Why do I need God in my life? I really cannot answer that question. All I know is that I need God. Without faith life seems dreary and empty. Without God the world seems so grey.

And yet there is so much division within Christianity, not to mention the differences between the various religions the world over. One could get discouraged from all this. My own questions and struggles with sexual issues are a source of conflict for myself, a constant nagging about the salvation of my own soul. I just watched a program on television about objective moral truth, and someone asked the question, “Well, if you miss Mass on Sunday, will God really send you to hell.” The priest-theologian who responded said, “Well, it is possible. After all, the Church teaches objectively that this is a wrong.”  So it is all that simple, all that black and white. Miss one Mass and you will cast into hell forever by a vengeful God? If that is true then what about my own sexual sins? Or my own sexual thoughts? If there are objective rules and laws I am violating, listed precisely in a Catechism, then what hope do I have? As someone asked me recently, “Why bother at all with God?” Clearly I am a religious criminal who needs to be hanged, drawn and quartered before being shipped off to Hell.

It is hard for me, even after a lifetime of being Catholic, to understand such things. For some people, faith seems so simple and easy, a set of rules, laws, regulations to be followed. “Well, it is all for your own good,” they may say. Perhaps this true. I have never said the Church is wrong and I am right. I merely need to ask questions about things. That alone seems to make me slightly dangerous in a religious sense. Asking me to merely believe in all the Church says is difficult. “If the Church says that white is black, then you must believe it.” This was another response from another of the speakers on this show. A friend of mine often spoke about “the Truth” in such an abstract and intellectual way, it seemed to lack all charity. He was an engineer, and everything was concrete and black and white for him. It was so easy for him to follow the Catechism. For me it is not so easy. I have noticed that for certain types of people, following rules and laws are easy (such as people who like math, accountants, engineers, computer programmers, etc); for others it is not so (artists, musicians, writers, etc.). Types do exist in human nature and the one type that likes rules often dislikes the other type that is resistant to rules. The left brain logic and order crowd fights against the right brain creativity and subjectivity crowd and vice versa. It seems to me that so much of Western Christianity has been dominated by the left brain dynamics towards faith.

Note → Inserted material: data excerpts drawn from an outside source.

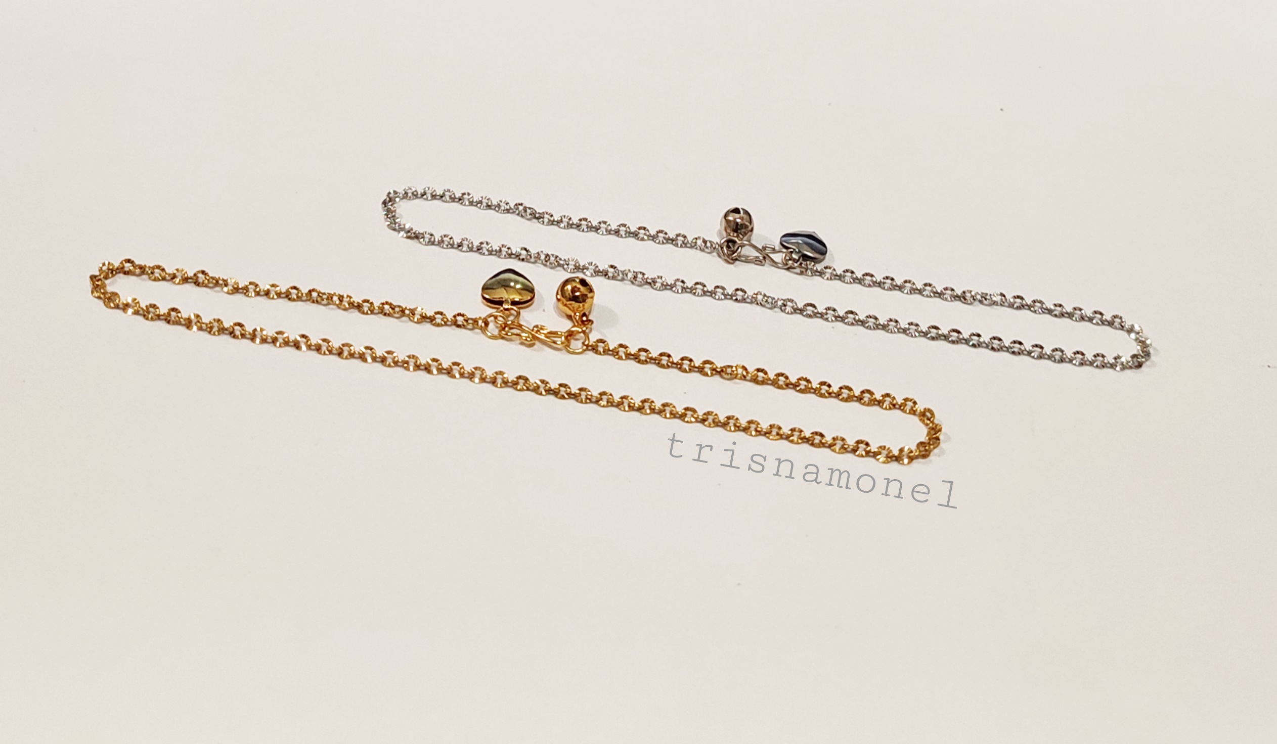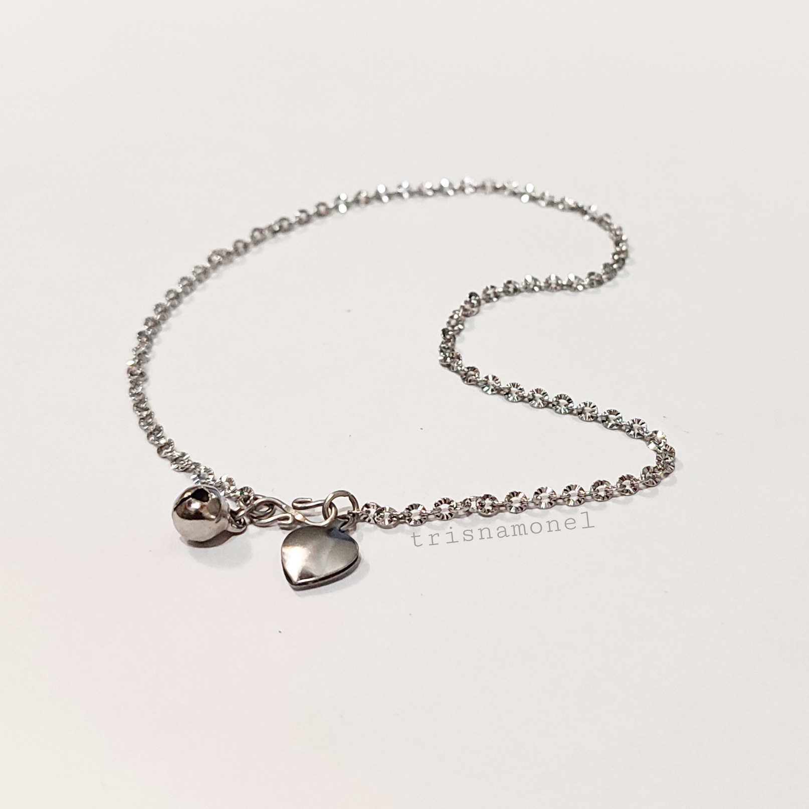 Produk gelang kaki diatas dibuat dari Titanium anti karat dengan ketebalan 0,5 mm yang divariasi dengan lonceng dan love.
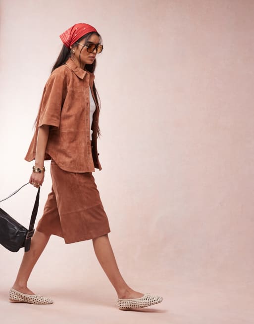 ASOS DESIGN - Suède co-ord set met overhemd en short in lichtbruin
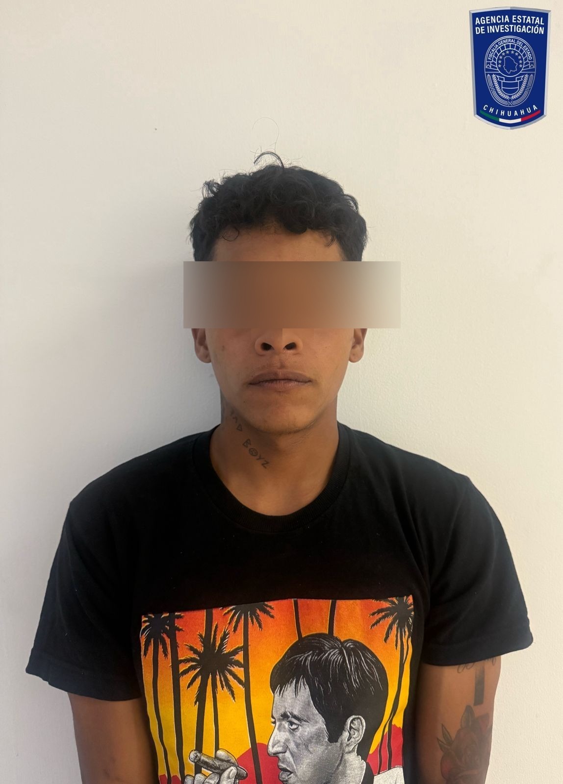Ciudad Juárez, Chih., a 16 de julio de 2025.- Elementos de la Agencia Estatal de Investigación (AEI), de la Fiscalía de Distrito Zona Norte, detuvieron en flagrancia a un masculino identificado como Alan Bryan S., por el delito de portación ilegal de arma de fuego.
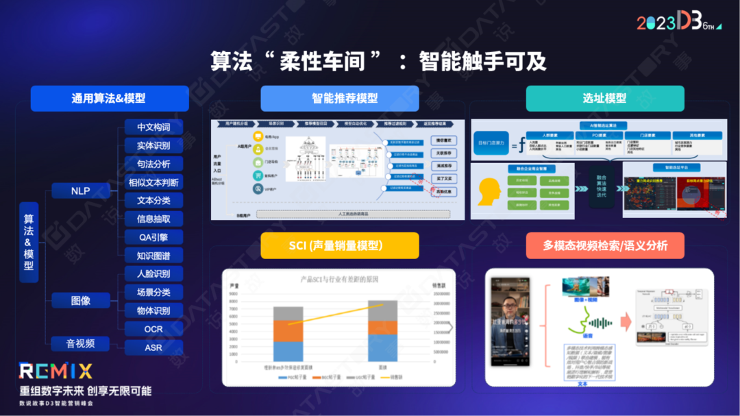 数说故事CTO李旭日提出通过打造高效数字化「柔性供应链」平台,结合AI技术,如AIGC大模型,助力企业实现跨越式发展。平台包含数据集成、模块化处理等功能,支持企业应对消费升级和流量挑战。此外,数说故事发布社媒洞察工具小智Insight,集成大模型能力,提供商业智能问答和超级洞察服务。

For me belief in God is more a mystical sort of experience. Yes, I need the structure of an organized religion too. I also need to know what I believe in. And intellectual structure to faith is essential. But I need that ineffable sense of God’s presence in my life, that daily understanding of something greater than myself infusing my life and my world and my soul. For me this cannot be completely explained. Prayer is more powerful than anything else; but what of the rules? Someone once asked, if the Church is wrong in some small matter, then does not that mean she can wrong in the big matters too? I really don’t have the answer to this, except to say, no, I don’t think so. How or why, I don’t know. For me it is just a matter of faith.

In the end, at least for me, faith is about something mysterious, and not logical. It just IS. As God said to Moses, and as Jesus later said, I AM. Many orthodox icons emphasis this by writing the Greek participle next to the image of Christ, HO ON.  It is impossible to bring this sense out in English, since as to this day ancient Greek is a much more naturally subtle and beautiful language when it comes to such philosophical expressions, but it basically means, “The Being” or “The One Who is the Being”.

The Great Schism (the split that occurred between the Catholic and Orthodox churches in 1054) has tended to deprive Western Christianity of these great Eastern mystical traditions for at least a thousand years. I long for more of them in my own spiritual and religious life. They fit better my right brain tendencies.  One gets tired of being told how wrong you are over and over again by the Law and Order crowd.